REQUIREMENT: The answer should hold every line of the listing, unchanged and free of images.

EXTRACTED INFORMATION:
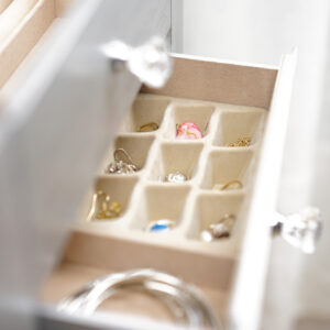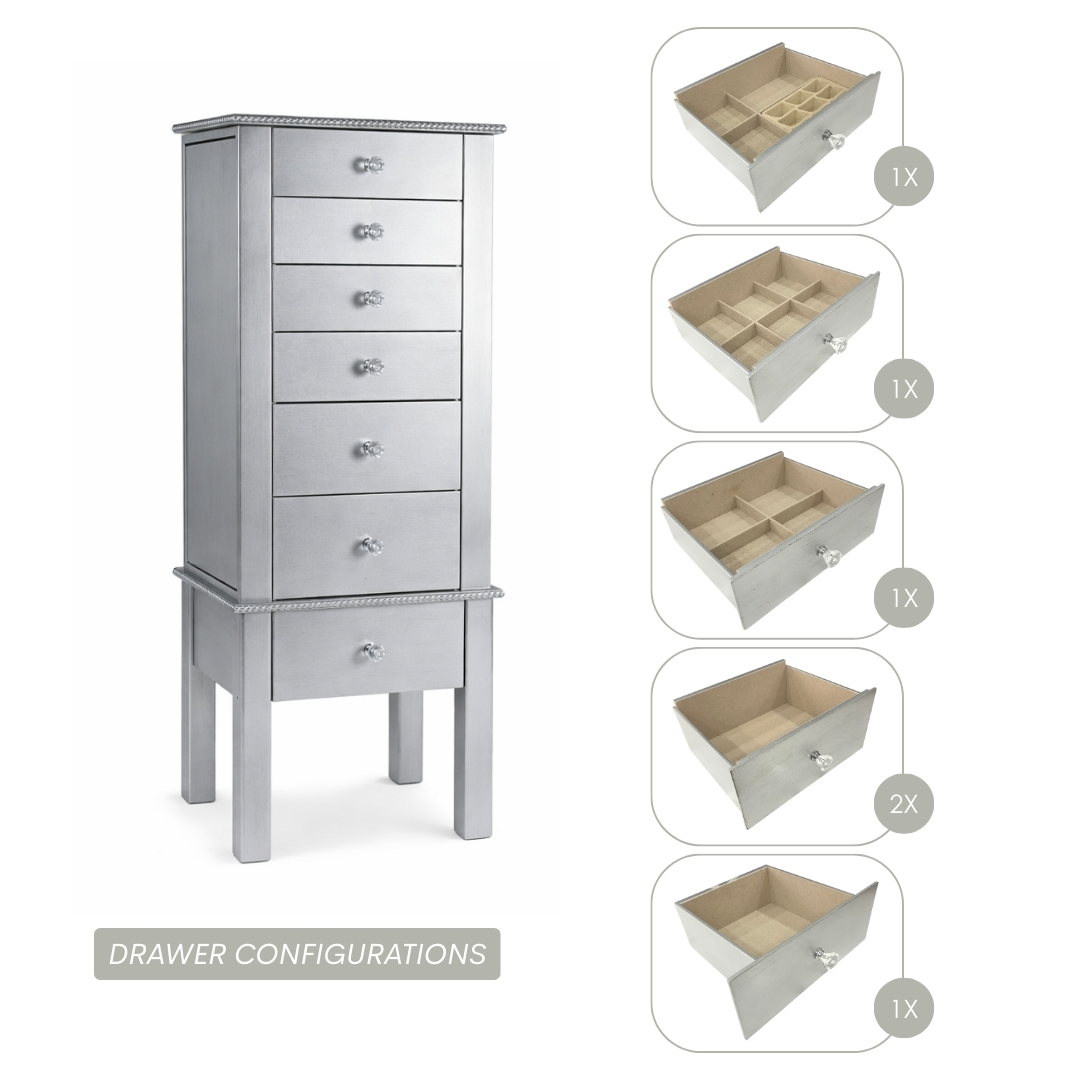 Are you looking for a stylish and functional way to store and organize your jewelry? Look no further than the Hannah Jewelry Armoire! This elegant French-inspired design features beautiful beaded trim and six spacious drawers for all your precious pieces. The two side panel doors even have necklace hooks for added convenience. And with a top lid that opens to reveal a mirror, ring rolls, divided compartments, and even an opening for cord organization, this armoire truly has it all. Plus, the lined compartments ensure that your jewelry stays protected from scratches, while the crystal drawer pulls add an extra touch of class. Experience the ultimate in jewelry storage with the Hannah Jewelry Armoire!
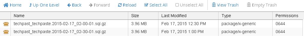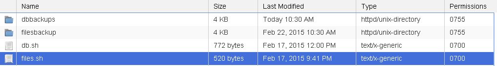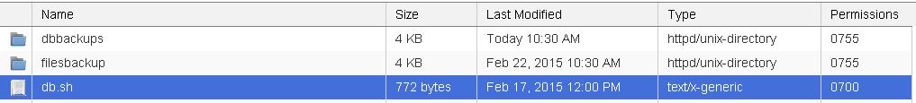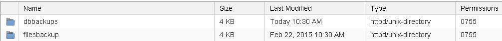 10. Once all above settings are correctly set, you will be able to see the db and files backups in both dbbackups and filesbackup folders respectively after the scheduled cronjob run like below.
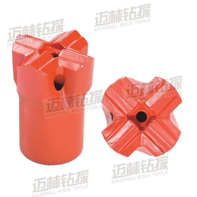 与锥度球齿钻头一样,十字钻头也有不同的锥度和尺寸,其合金片的形状为十字,是与岩石接触的主要作用面,在钎头磨损后,钎头可以再次打磨削尖继续使用。
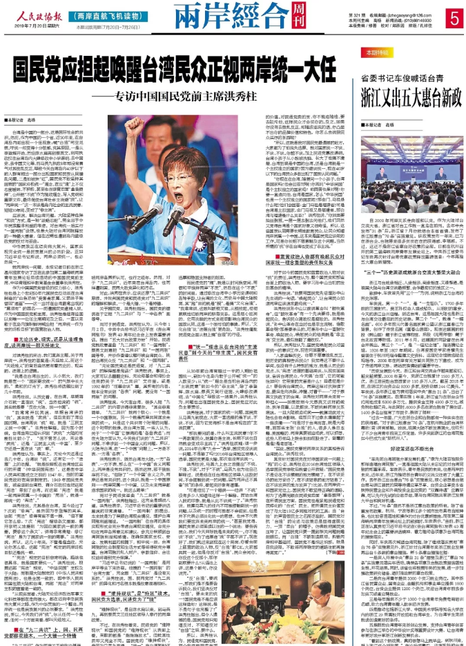就两岸统一问题,本报记者日前独家专访了中国国民党前主席洪秀柱。
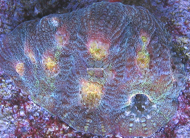 golden pigmentation. The coral has multi-colored pigment granuales located all over its surface. Around
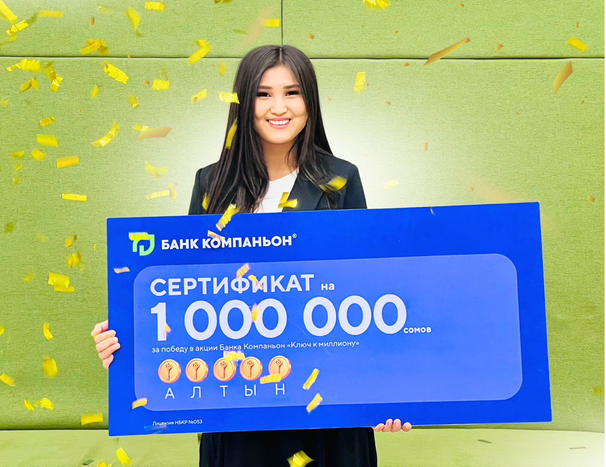 «Банк Компаньон» продолжает радовать клиентов крупными денежными призами. В рамках акции «Ключ к миллиону» золотой сундук с главным призом в 1 000 000 сомов открыла пользователь приложения «Компаньон» Киргилова Жазгүл Асанкуловна, став одной из счастливых победителей.
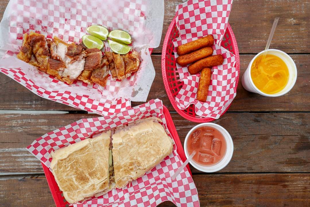 Vi bestiller en Cuban Sandwich, chicharrones, fritert cassava, mango- og guavajuice.
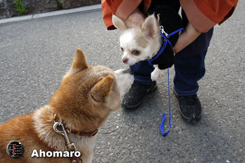 今朝も最初のワンちゃんがサツキちゃんでした。 おや、バビちゃんはもうお帰りですか。今朝は、ちょっと早めに隅田公園まで行って来たのでお疲れでしたよ。 今朝はおかあさんとお散歩のココアちゃん。お決まりのカイカイ。 ほら、カメラを向きなさい。なんていっても、おかあさんのいうことを聞かないココアちゃんでした。これがおとうさんだったら、結構聞くんですけどね・・・。 チョロちゃん。昨日、桜の下で撮った記念写真を差し上げました。 早くおいでよ。遅れたおとうさんを待っているリリーちゃんです。 レオちゃんも、ここまでおばあちゃんと一緒に歩いてきたのですよ。 でも、モモちゃんを見ると怖がって抱っこしてって。モモちゃんは朝のご挨拶をしたかっただけなのにね・・・。 ボクちゃんです。影が格好良かったのですが、近すぎて全体が入らなかったね。 最近は、グンちゃんとショコラちゃん、一緒に散歩しているのです。 ショコラちゃんは亡くなったハニーちゃんに似ているので、モモちゃんは大好きなようです。今朝も一緒にクンクン遊んでました。 同じ犬種でも、こちらはボビーちゃん。ボビーちゃんは他のワンちゃんたちとは遊べないんですよ。好きなのはおばあちゃんだけ。 逆光のゼロ君。影が良いでしょ。 ランディ君、モナカちゃん、ゼロ君。いつもこの辺で遊んでいるのですよ。 それでは今日も記念写真。まずはゼロ君。 そしてランディ。おかあさん恥ずかしそうに下向いてますね。 昨日に続いてモナカちゃん。 ランディ、何かおもちゃんを見付けたな・・・。影はあほまろの姿です。そっか、あほあまろも写りたかったら、このように影の人になれば良いんですよね。
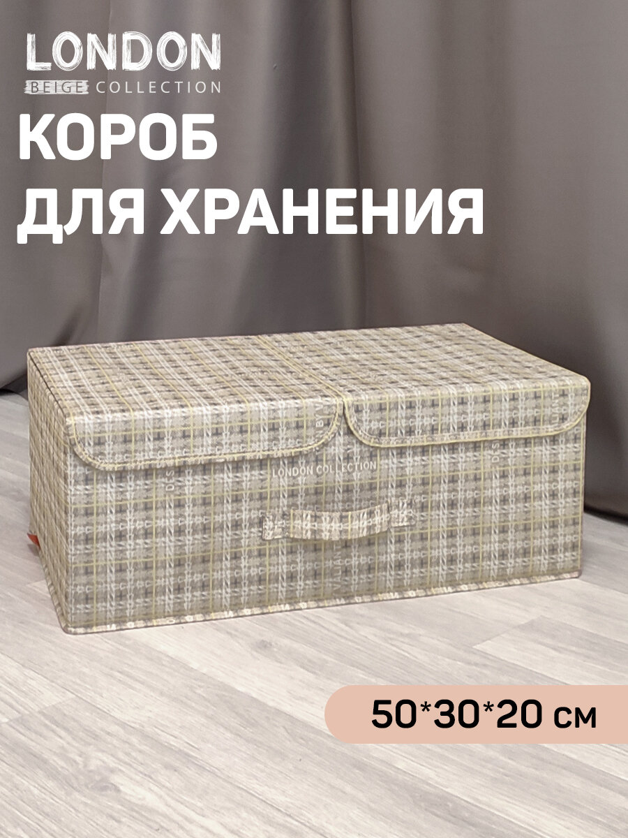 Купить Коробка для хранения вещей с крышкой, короб для хранения стеллажный, корзина, ящик с двумя отделениями, 50*30*20 см, LONDON BEIGE
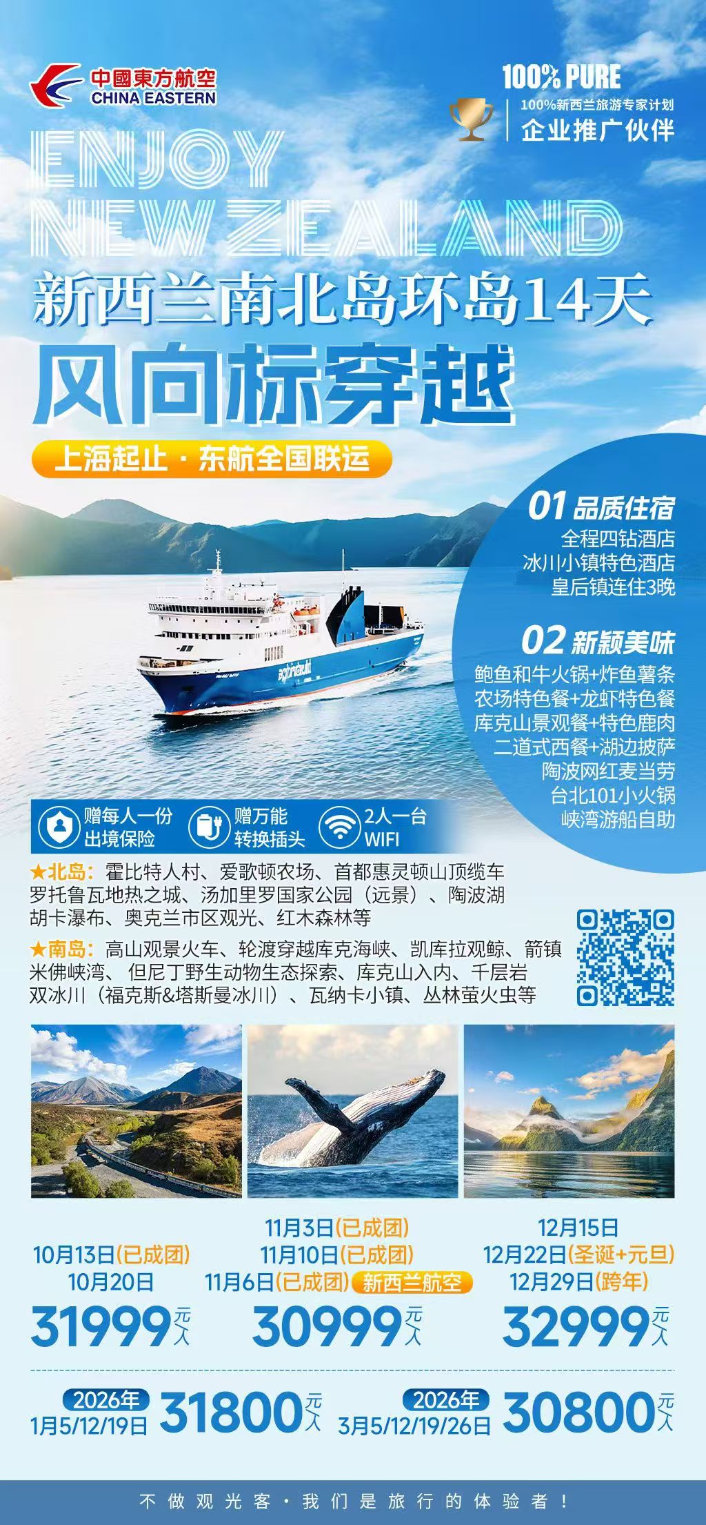 【10月-26年3月】【风向标·穿越记】新西兰南北岛14日 ZJN
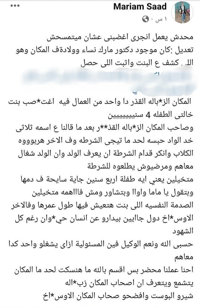 الفتاة تدعى مريم سعد، ونشرت منذ ساعة، عبر صفحتها الرسمية على موقع التواصل الاجتماعي فيسبوك، منشورا أنه أثناء تواجد ابنة خالتها طفلة يبلغ عمرها 4 سنوات، بأحد مراكز الترفيه بمحافظة أسيوط، تم اغتصابها على يد أحد عمال المركز، موضحه أن القصة بدأت عندما جاءت الطفلة تسيل في دمائها وتبكي لوالدتها وهى تقول ماما واوا وتشير بيديها على مكان الاغتصاب ولا تدرك ما حدث بها.

RESULT OF THE TASK:
 Are you looking for a stylish and functional way to store and organize your jewelry? Look no further than the Hannah Jewelry Armoire! This elegant French-inspired design features beautiful beaded trim and six spacious drawers for all your precious pieces. The two side panel doors even have necklace hooks for added convenience. And with a top lid that opens to reveal a mirror, ring rolls, divided compartments, and even an opening for cord organization, this armoire truly has it all. Plus, the lined compartments ensure that your jewelry stays protected from scratches, while the crystal drawer pulls add an extra touch of class. Experience the ultimate in jewelry storage with the Hannah Jewelry Armoire!
 10. Once all above settings are correctly set, you will be able to see the db and files backups in both dbbackups and filesbackup folders respectively after the scheduled cronjob run like below.
 与锥度球齿钻头一样,十字钻头也有不同的锥度和尺寸,其合金片的形状为十字,是与岩石接触的主要作用面,在钎头磨损后,钎头可以再次打磨削尖继续使用。
就两岸统一问题,本报记者日前独家专访了中国国民党前主席洪秀柱。
 golden pigmentation. The coral has multi-colored pigment granuales located all over its surface. Around
 «Банк Компаньон» продолжает радовать клиентов крупными денежными призами. В рамках акции «Ключ к миллиону» золотой сундук с главным призом в 1 000 000 сомов открыла пользователь приложения «Компаньон» Киргилова Жазгүл Асанкуловна, став одной из счастливых победителей.
 Vi bestiller en Cuban Sandwich, chicharrones, fritert cassava, mango- og guavajuice.
 今朝も最初のワンちゃんがサツキちゃんでした。 おや、バビちゃんはもうお帰りですか。今朝は、ちょっと早めに隅田公園まで行って来たのでお疲れでしたよ。 今朝はおかあさんとお散歩のココアちゃん。お決まりのカイカイ。 ほら、カメラを向きなさい。なんていっても、おかあさんのいうことを聞かないココアちゃんでした。これがおとうさんだったら、結構聞くんですけどね・・・。 チョロちゃん。昨日、桜の下で撮った記念写真を差し上げました。 早くおいでよ。遅れたおとうさんを待っているリリーちゃんです。 レオちゃんも、ここまでおばあちゃんと一緒に歩いてきたのですよ。 でも、モモちゃんを見ると怖がって抱っこしてって。モモちゃんは朝のご挨拶をしたかっただけなのにね・・・。 ボクちゃんです。影が格好良かったのですが、近すぎて全体が入らなかったね。 最近は、グンちゃんとショコラちゃん、一緒に散歩しているのです。 ショコラちゃんは亡くなったハニーちゃんに似ているので、モモちゃんは大好きなようです。今朝も一緒にクンクン遊んでました。 同じ犬種でも、こちらはボビーちゃん。ボビーちゃんは他のワンちゃんたちとは遊べないんですよ。好きなのはおばあちゃんだけ。 逆光のゼロ君。影が良いでしょ。 ランディ君、モナカちゃん、ゼロ君。いつもこの辺で遊んでいるのですよ。 それでは今日も記念写真。まずはゼロ君。 そしてランディ。おかあさん恥ずかしそうに下向いてますね。 昨日に続いてモナカちゃん。 ランディ、何かおもちゃんを見付けたな・・・。影はあほまろの姿です。そっか、あほあまろも写りたかったら、このように影の人になれば良いんですよね。
 Купить Коробка для хранения вещей с крышкой, короб для хранения стеллажный, корзина, ящик с двумя отделениями, 50*30*20 см, LONDON BEIGE
 【10月-26年3月】【风向标·穿越记】新西兰南北岛14日 ZJN
 الفتاة تدعى مريم سعد، ونشرت منذ ساعة، عبر صفحتها الرسمية على موقع التواصل الاجتماعي فيسبوك، منشورا أنه أثناء تواجد ابنة خالتها طفلة يبلغ عمرها 4 سنوات، بأحد مراكز الترفيه بمحافظة أسيوط، تم اغتصابها على يد أحد عمال المركز، موضحه أن القصة بدأت عندما جاءت الطفلة تسيل في دمائها وتبكي لوالدتها وهى تقول ماما واوا وتشير بيديها على مكان الاغتصاب ولا تدرك ما حدث بها.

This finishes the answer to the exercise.